Despite the probabilistic nature of the relaxed problem, the authors prove that the optimal solutions to this relaxed problem are necessarily deterministic. This deterministic nature of the optimal embeddings is significant as it highlights the theoretical limitations of probabilistic embeddings found via common computation methods like particle descent.

Implications and Future Directions

Theoretical Contributions:

The paper makes substantial contributions by linking the theory of optimal transportation to dimension reduction problems.

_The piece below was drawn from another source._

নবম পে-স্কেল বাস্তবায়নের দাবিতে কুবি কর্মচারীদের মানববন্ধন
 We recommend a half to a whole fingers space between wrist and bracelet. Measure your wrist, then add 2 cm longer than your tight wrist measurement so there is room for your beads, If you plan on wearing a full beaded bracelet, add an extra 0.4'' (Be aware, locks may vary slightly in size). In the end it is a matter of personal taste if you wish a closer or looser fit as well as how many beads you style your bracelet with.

This linkage enables the use of established mathematical frameworks to analyze and solve non-linear dimension reduction problems, providing a new perspective on understanding these methods.

Practical Relevance:

Practitioners need to be cautious of potential pitfalls when using standard optimization routines for dimension reduction. Probabilistic embeddings can lead to a flawed interpretation of the data structure, especially in applications involving data visualization and clustering.

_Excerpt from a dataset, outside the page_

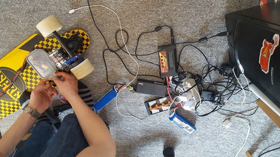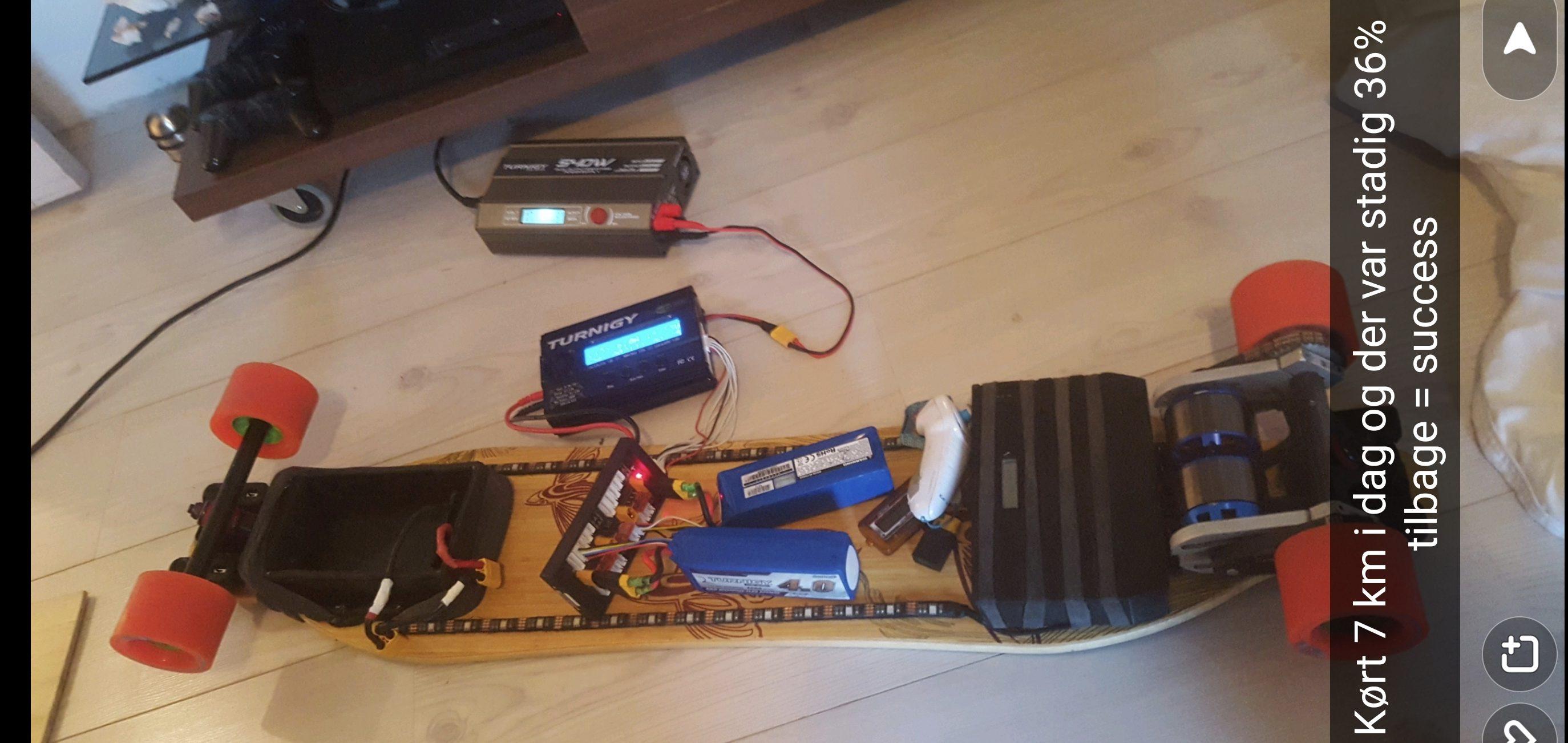 My second homemade e-board is Powered by dual 4.5kW motors, VESCs, and a custom 5S6P Li-Po (now upgraded to 18650 Li-ion). The controller was a a modified Wii Nunchuck but due to instability of the signal strength i changed it to a firefly remote it can hit 43 km/h in under 3 seconds with ~16 km range. The board still works today and is quite fun fun, flexible build that kickstarted my interest in electronics and CAD.

Computational Improvements:

The authors suggest that improvements in computational algorithms are necessary. These improvements should likely involve methodologies capable of performing more sophisticated perturbations beyond smooth adaptations, to find globally optimal deterministic embeddings.

Broader Applications:

The principles outlined in this paper can be extended to other areas of unsupervised learning where embedding and optimization problems feature prominently. The insights gained here could stimulate further research into overcoming non-convexity and developing efficient algorithms that ensure deterministic solutions.

Conclusion

This paper contributes a significant theoretical framework for understanding non-linear dimension reduction and highlights the conditions under which deterministic embeddings are guaranteed. By addressing both practical computational challenges and theoretical properties, it sets the groundwork for future explorations into more robust and theoretically sound dimension reduction techniques. These findings underscore the importance of ensuring that computational solutions align with the theoretically optimal deterministic embeddings to avoid potential misinterpretations in data analysis and visualization tasks.